Laura traced the outline of a particularly brutal scar, a reminder of the things that had tormented him. Though he couldn’t see them, Laura had scars of her own. “I understand that feeling,” she said softly.
He shook his head. “You cannot. No woman can.”
“Perhaps not in your time,” she said. “Though I think Miss Nightingale would disagree. I assure you, Mr. Storm—many of the women of my generation understand your pain all too well.”
He studied her with deepening interest, and something like respect, as though she had confirmed something he had suspected. “Will you tell me about it?”
“Sometime, if you like,” she said lightly, grazing his chest with her fingernails. Though he couldn’t feel them, his flesh quivered, rippling beneath her hands. “Although I can think of much more diverting pastimes.”
His mouth twitched into a smile. “Pastimes that would only drive us mad, as we cannot feel their effects.”
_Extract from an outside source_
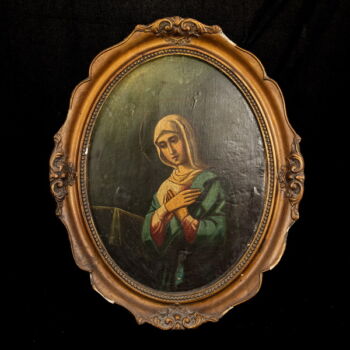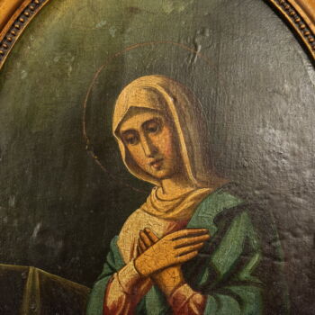 Hand painted, oil, canvas mounted on wooden board. In an oval-shaped, gilded blondel wooden frame. 36 x 26 cm. End of 19th century, beginning of the 20th century.

“We did last night,” Laura said.
“Yes, but how?”
She shook her head. “I don’t know. It must have been a psychic connection that had nothing to do with … whatever is happening now.”
“That sounds shockingly like Spiritualistic claptrap. Table turning, and I don’t know what nonsense.”
Laura raised an imperious eyebrow and gave him a sound thump on the chest. A blow that went right through him, though he gasped, laughing. “It isn’t claptrap. I happen to be a psychic medium. Which is no doubt how all of this is even possible. So mind your manners, sir.”
He raised his hands in mock surrender. “My lady, I do apologize.”
“I am not a lady.”
His eyes raked over her, sending a delicious tremor through her gossamer form. “So I see. And I am heartily glad. Ladies are not generally my favorite species.”
She dropped her eyes, looking up at him through her lashes. “Do you have one of your own?” she asked softly. “A lady, I mean.”
He flushed again, and opened his mouth to speak.
Just then, there was a smart, albeit diffident, knock at the door. Laura’s heart gave a great leap, and she sprang from the bed just as the door swung open, her knees and elbows raking through his chest and thighs as if he wasn’t there. She dove for the curtains just in time.